Can I leave home at the same time I did last year (4:30 am, four days earlier) and get to Mazama Ridge at the top of the Golden Gate trail before the sun comes up, when I wasn’t in time last year? Magical thinking.
I set the alarm for 4:00 Tuesday morning, but I have to get the Airbnb dishes out of the dishwasher and downstairs in case the arriving guest gets here before I return. It’s 4:37 before I’m out the door. There’s a patron ahead of me at the espresso kiosk at Mary’s Corner on Highway 12, another five minute delay. But, unusually, not a lick of fog through Mossyrock; I make up some time.
I’m at the Park gate at 6:07 and entering the Paradise parking lot at 6:37. Bathroom, boots, hat, gloves, and I’m off. It’s 24º. Short my mother’s parka, I’m wearing all the layers available: leggings, long pants, long-sleeved t-shirt, light down vest, fleece jacket, knit cap, gloves with fingers. Except that my fingers are already frozen, I’m good. I stow my poles in my backpack for now so I can keep my hands in my pockets.
It snowed over the weekend. Although Paradise is the snowiest place on earth where snowfall is measured regularly, it’s pretty unusual for it to snow in September. I read that when it snows in October, it generally melts between snowfalls, with the ground not truly covered until November. I’m thinking this is not going to melt. It’s my annual fall color hike (last year was a riot of orange, red, and gold; photos here), but this is a winter palette: white, deep green, and grey. And, oh, the blue. The huckleberry and mountain ash leaves are pretty darn frozen, their color interrupted mid-sentence, with barely an opening salvo. Autumn will not come here this year.

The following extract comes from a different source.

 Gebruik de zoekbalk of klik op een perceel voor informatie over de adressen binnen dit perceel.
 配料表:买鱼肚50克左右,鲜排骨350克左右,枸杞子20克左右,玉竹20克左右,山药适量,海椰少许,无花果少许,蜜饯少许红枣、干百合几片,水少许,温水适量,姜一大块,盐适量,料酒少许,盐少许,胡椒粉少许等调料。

I take a three minute side trip to see if Myrtle Falls is frozen. I never go down the steep steps because it’s always so peopley. It’s the destination from Paradise Inn for non-hikers. But for now, there is no one here but me. The small falls are partly frozen and beautiful.
I reach the Golden Gate and have to choose. Between the trailhead and my hoped for destination, the sun rising over the far ridge and any color will be hidden by the near ridge. If I wait here, as I did last year, I might get some color. I decide to risk the 90% chance of seeing nothing and go for the 10% chance of getting it all. I have to get up those switchbacks—easy to see in the distance in the snow—then up some steps and onto the ridge and then up to the saddle where the unobstructed view breaks open.
I move fast, and have to stop a couple of times to catch my breath and let my heart slow down. When I reach icy steps before the switchbacks, I have to remove my pack and get out my poles. I use a few precious seconds to get photos of where I’ve been, but don’t spend much time marveling.

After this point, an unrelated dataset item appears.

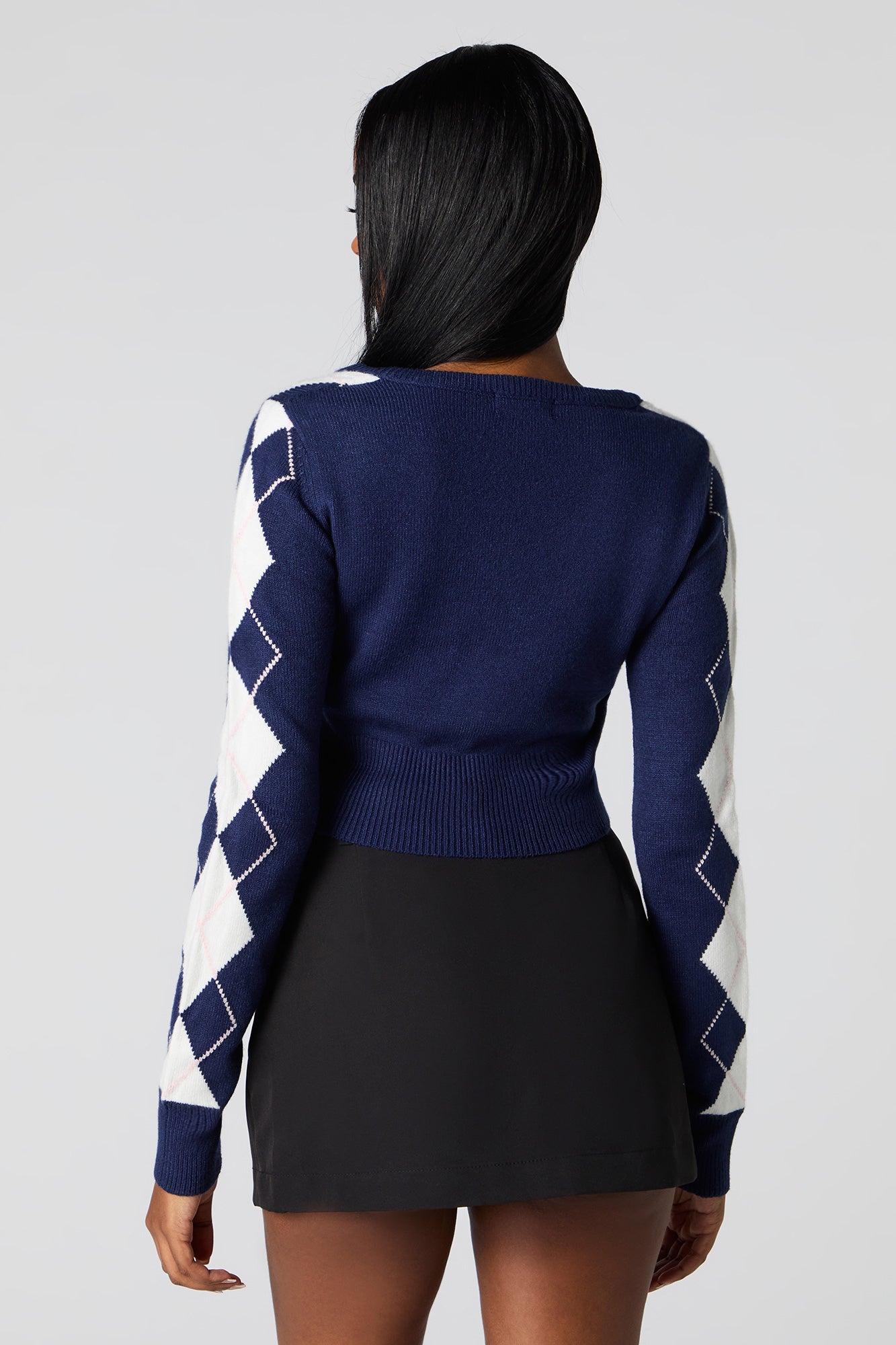 Chandail écourté à losange et col en V

I wind around the last hillock—another set of steep icy steps slowing me down—still not knowing if I’m in time. And then I’m in the saddle.
Too late.
Had I gotten out of bed ahead of the alarm instead of looking at Facebook for five minutes I would have been first at the coffee kiosk, and then if I hadn’t stopped to see the falls maybe I would have been in time. I figure I missed it by about eight minutes. Next year. I know now it can be done without hiking in the dark, which I am not inclined to do. Or I could just leave home 15 minutes earlier. But that would mean no latte. Hmm. Priorities.
I sit for a while watching the sun get higher. It’s much warmer now, under the sun. I don’t even need my gloves. Mt. St. Helens, in her new dress, is glorious. In summer she is completely barren and not very distinguishable on the horizon. Mt. Hood hovers in the far back. Ice crystals cover the landscape.

I almost forget to look back at Herself before I move down the Skyline Trail to the rock where I scattered some of my mother’s ashes last September. Fresh snow or not, Rainier is not the main attraction for me on this trail.
“Do you want to share my raspberry chocolate chip muffin?” I ask Mama from the rock.
“No,” she says. “I can’t eat the seeds.”
“I was hoping that was no longer an issue,” I say
“Why, I never thought of that!” she exclaims.
I leave her a bite, but she’s moved on. Perhaps a chipmunk will get an illegal morsel.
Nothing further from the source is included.